Irrigation is an important tool that likely has been used in agriculture for about as long as humans have been cultivating plants, but just how much water is enough?
One project, funded by the South Carolina Legislature, is developing software that can help take the guessing out of irrigation system efficiency. It is a GPS-based center-pivot auditing software used to calculate water-distribution uniformity in fields.
“This software performs health checks on pivots to show farmers where they are overirrigating and where they are underirrigating,” said Kendall Kirk, precision agriculture engineer. “Overirrigating can cause leaching of nutrients and underirrigating can cause water stress which can lead to yield deficits.”
The software generates reports outlining costs of over- and under-irrigation. Using this information, farmers can assess return on investment of retrofits, adjustments and repairs.
After the software has been developed, Cal Sawyer, Clemson associate professor and Clemson Extension water resources specialist, will develop a training program to show farmers, agents and consultants how to use it.
Fleming McMaster, a crop consultant familiar with the system, said this is something South Carolina farmers “desperately” need.
“What is nice about this system is it can be tweaked based on crop rotations,” McMaster said. “It also can be used on existing systems, as well as new systems. Water is a valuable resource for all of life – humans, animals, agriculture, industry – and this system can help farmers use water more efficiently. I encourage everyone to use this system.”
Soil moisture sensors
Using soil moisture sensors for season-long irrigation scheduling of cotton grown in the state’s agricultural and coastal plain region is another technology the researchers are examining. During this study, researchers are using the Clemson Watermark Calculator to determine optimum soil moisture sensor thresholds for irrigation scheduling in cotton, as well as to show how farmers can benefit from using sensor-based irrigation scheduling.
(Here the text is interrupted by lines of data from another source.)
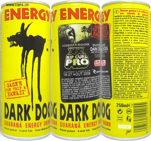 Soft drink Serve chilled High coffee content w afine Soft drink Serve chilled Blevde content natural guaraná (0.2%), dextrose, flavors, citrate Ingredients: carbonated water, sugar, acidifier (E330), extrats with guaraná extracts modification and deletion of data sodium (E331), caramelized sugar, caffeine flavor 32mg | GUARANA ENERGY DRIINK GUARANÁ ENERGY dye (E150d). Energy value for 100mk 100ml including 3.2mg / 100ml of guaraná caffeine, ENERGYY ENERGY Soft drink with caffeine F. Ingredients: carbonated water, sugar, acidifier (E330. Ert natural guaraná (0.2%), dextrose, flavors, citat sodium (E331), caramelized sugar, caffeine flavor 3 100ml comprising 3.2mg / 100ml of quar caffeine GAOON AS RIP YOUR TH WAVA 49.5kcal. Protein 0.0g, carbohydrate 11.8 210kJ - lipids 0.0g. Due to the high coffee content (32mg / 100ml), this product should be consumed ae moderation. Not suitable for children, people suffering from diabetes, pregnant women or people sensitive to caffeine. Contains na carbonic. Pasteurized. To be consumed preferably SEND OYEZ HOSSEGOR SEIGNOSSE before: see on the bottom. DARK DOK DOG BY SMS TO SAU 6105I Produced in Austria for: Karlsbrau FRANCE SA BP 40019 F-67701 SAVERNE CEDEX • www.darkdog.r pairs of men's flip flops Rip Curl - value unit sales 16 Euros. Only one lot per household, same name, same address. A participation per household for the duration of the operation. Full settlement filed at Maître Le Honsec, bailiff at Rambouillet (78), available free of charge on simple written request to the address of game: Dark Dog Rip Curl Pro - CEDEX 3023 - 99302 PARIS COMPETITION. Refund the cost of sending the SMS based on 0.47 Euros including tax, stamp (slow letter rate in vigor (less than 20 gr) For demand reimbursement and / or payment (1 only reimbursement / household (same name, same address) on written request to the address of the game (attach a RIB or RIP. You have a right of access, 0.35 E per anor enOI RIP CURL PRO * price of an S da SMS SMS SMS + SURF WORLD CHAMPIONSHIP RIP CURI. 18-27 AUGUST 2006 CRIF Free game with no obligation to purchase organized by Karileistrau France from 01.06 / 2006 to 31/10/2006. The participant 0o ot send a SMS message to 61051 (0.35 Euros TTC / sending + p-pir of an SMS) ts brought into play. WIN containing the word DARK DOG. The participant receives immediately Winners must immediately return Bun US contact details complete YOUR TRIP A Bransport Paris-iles Commercial beur s women and 200 Continued opposite through HAWAII on written request to Karlsbrau France- BP40019- 67701 Saverne Cedex. Service published by RCS 411 864 986 Suter DARK DOOG DARK DOG 250mle (aluj 70178 URINK ENERGY DRI FR GB GUARANÁ DRINK GUARANÁ ENERGY caffeine ede 06BE 28 C To be served chilled Bev content Ball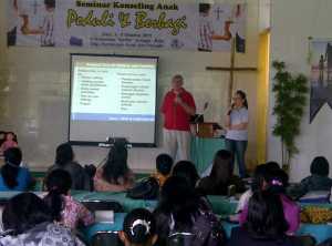 It was an annual seminar with Rev. David Goodwin from Kidsreach Australia. The seminar was about how to deliver counseling process from children in crisis or trauma for 88 counselors from all over Indonesia and Malaysia (Sabah). This year I got the honour to be the interpreter for David Goodwin.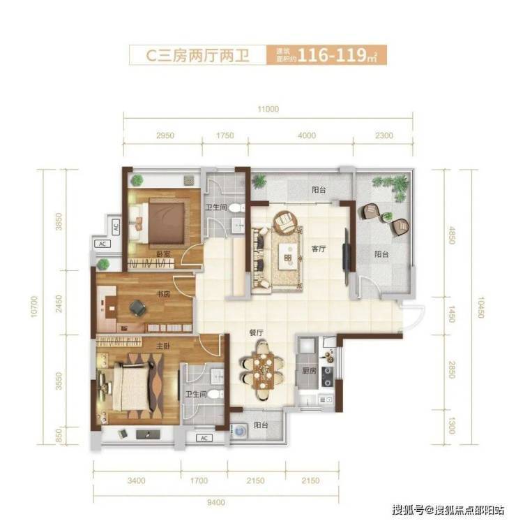 必买理由布局精妙彰显便利体贴;客厅餐厅贯通,空间灵动切换;卧室一览江景,彰显尊贵;阔景阳台,沉浸风景巨幕之中;私密主卧套房,体验舒适自在空间。 C户型:116-119㎡三房两厅两卫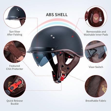 • Retro Motorcycle Helmets for Men Women Open Face Helmets Sun Visor Quick Release Buckle MM107 DOT Approved Half Face Crusier Helmet (Matte Black, L)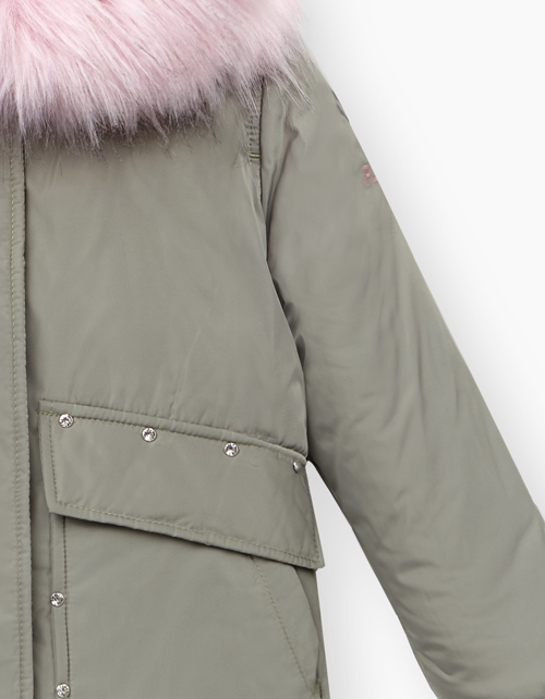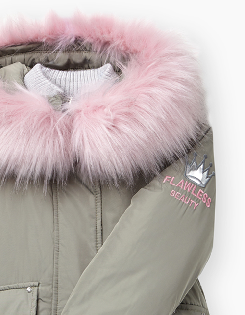 Зимняя куртка-парка на синтепоне. Из плотной ткани Добби. На подкладке из флиса. Капюшон с опушкой. Застежка на молнию и потайные кнопки. Отделка стразами. Левый рукав декорирован вышивкой с аппликацией глиттером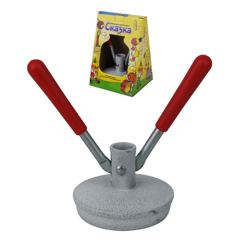 Машинка закаточная Сказка автомат - машинка обжимного действия, используется для укупорки стеклянных банок с размером горловины 82 мм. жестяными крышками СКО 82 посредством обжима при домашнем консервировании. Из всех машинок для закатывания банок многочисленные отзывы выделяют именно автомат. Принцип работы его весьма прост, без особенных усилий справиться с укупориванием сможет даже ребенок, ведь сил прикладывать практически не нужно. Крышка из металла надевается на стеклянную тару, сверху прижимается приспособлением для закатки. Машинка закаточная Сказка автомат оснащена двумя рычагами, на которые необходимо нажимать одновременно. Все, банка надежно укупорена. Можно повторить действия, провернув немного прибор, это гарантирует, что емкость герметично закрыта и содержимое (салат, маринад или варенье) сохранятся длительное время.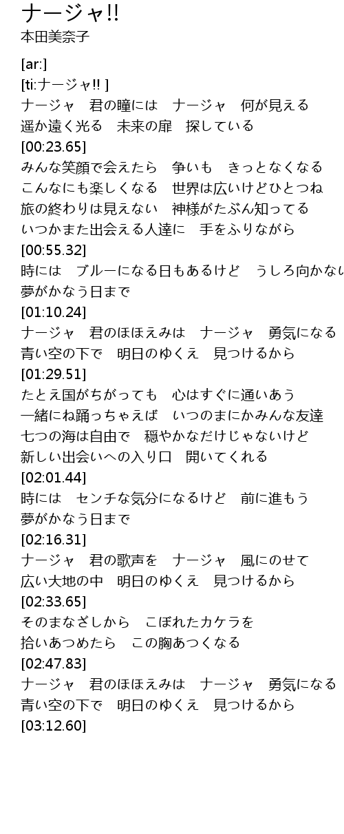 | [01:10.54] | ナージャ 君のほほえみは ナージャ 勇気になる |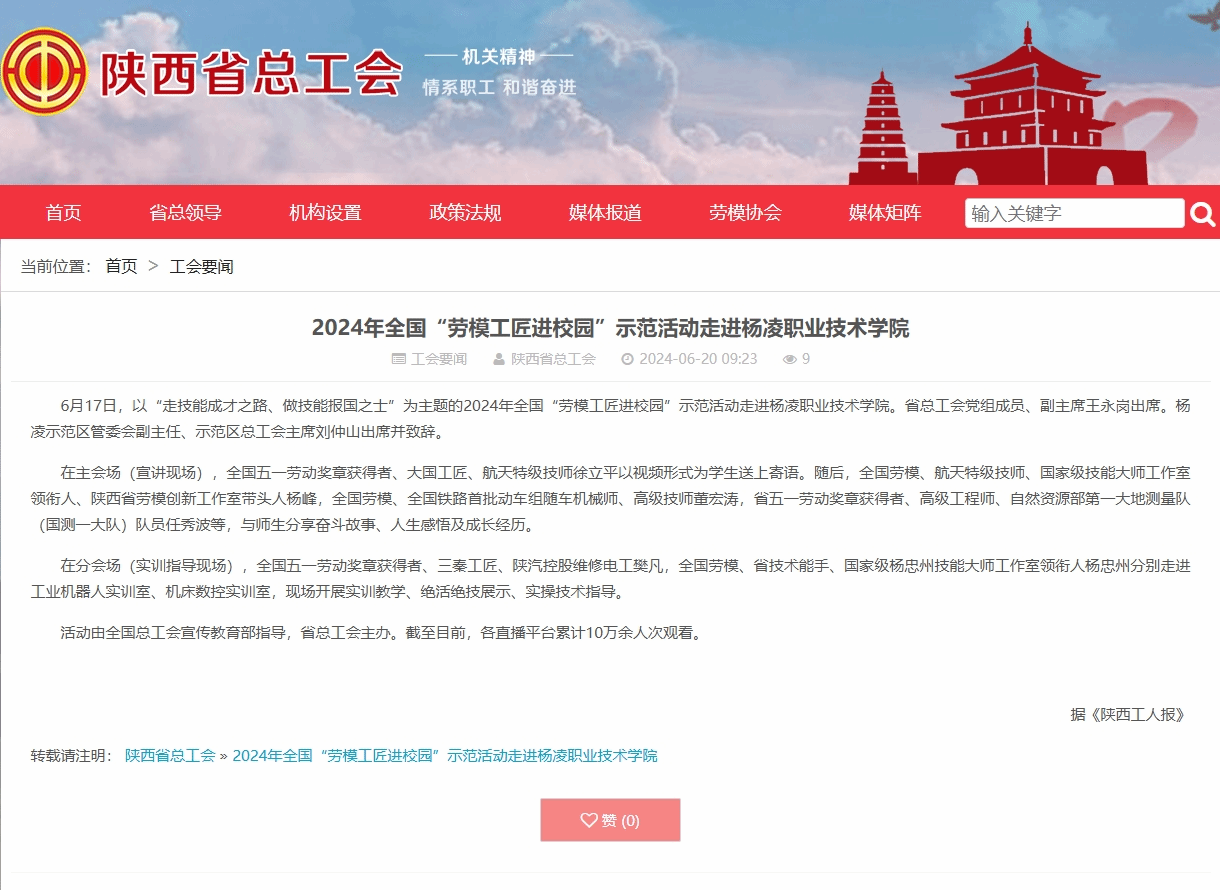 6月17日,以“走技能成才之路、做技能报国之士”为主题的2024年全国“劳模工匠进校园”示范活动走进杨凌职业技术学院。省总工会党组成员、副主席王永岗出席。杨凌示范区管委会副主任、示范区总工会主席刘仲山出席并致辞。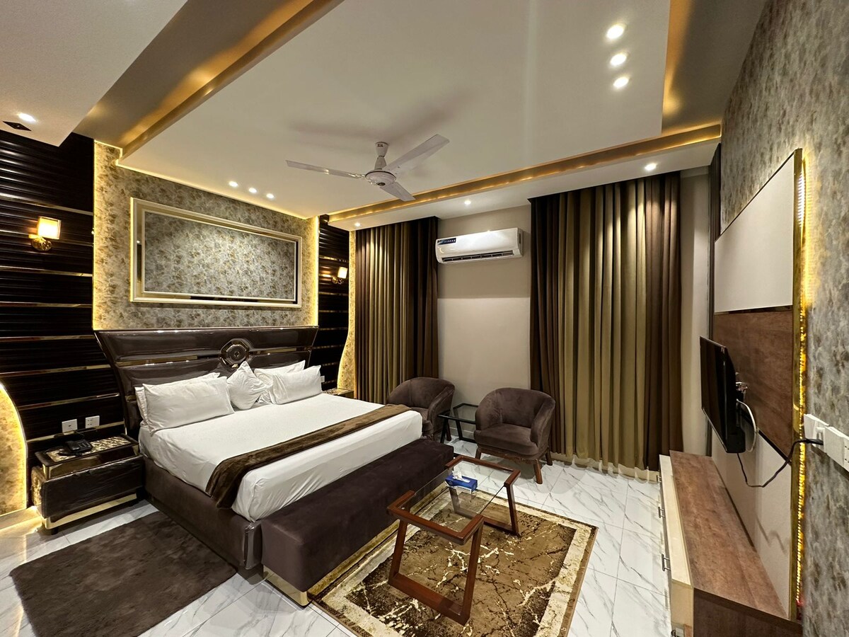 El Grand Luxury Hotel en Multan te da una cálida bienvenida en nuestra habitación triple ejecutiva. Disfruta de una estancia de lujo con excelentes comodidades, como wifi gratuito, TV por cable y aire acondicionado. Nuestra habitación de hotel es el lugar ideal para tu visita a Multan, con fácil acceso a restaurantes, tiendas y transporte público.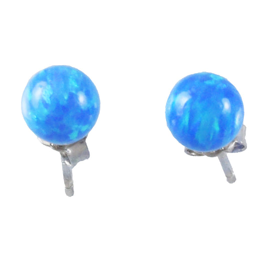 Hawaiian Blue Opal Round Ball Earrings, Sterling Silver Blue Opal Round Ball Stud Earrings, Christmas Present Birthday Gift

“The results of this study will allow South Carolina cotton farmers to maximize irrigation water-use efficiency,” said Michael Plumblee, Clemson Extension precision agriculture specialist. “Once this research is complete, we will work with farmers to provide recommendations on how to incorporate these sensors in their current irrigation practices to help maximize their water-use efficiency as well as overall profits.
“We know the technology works, now it is just a matter of testing the technology to maximize agronomic and economic benefits for farmers.”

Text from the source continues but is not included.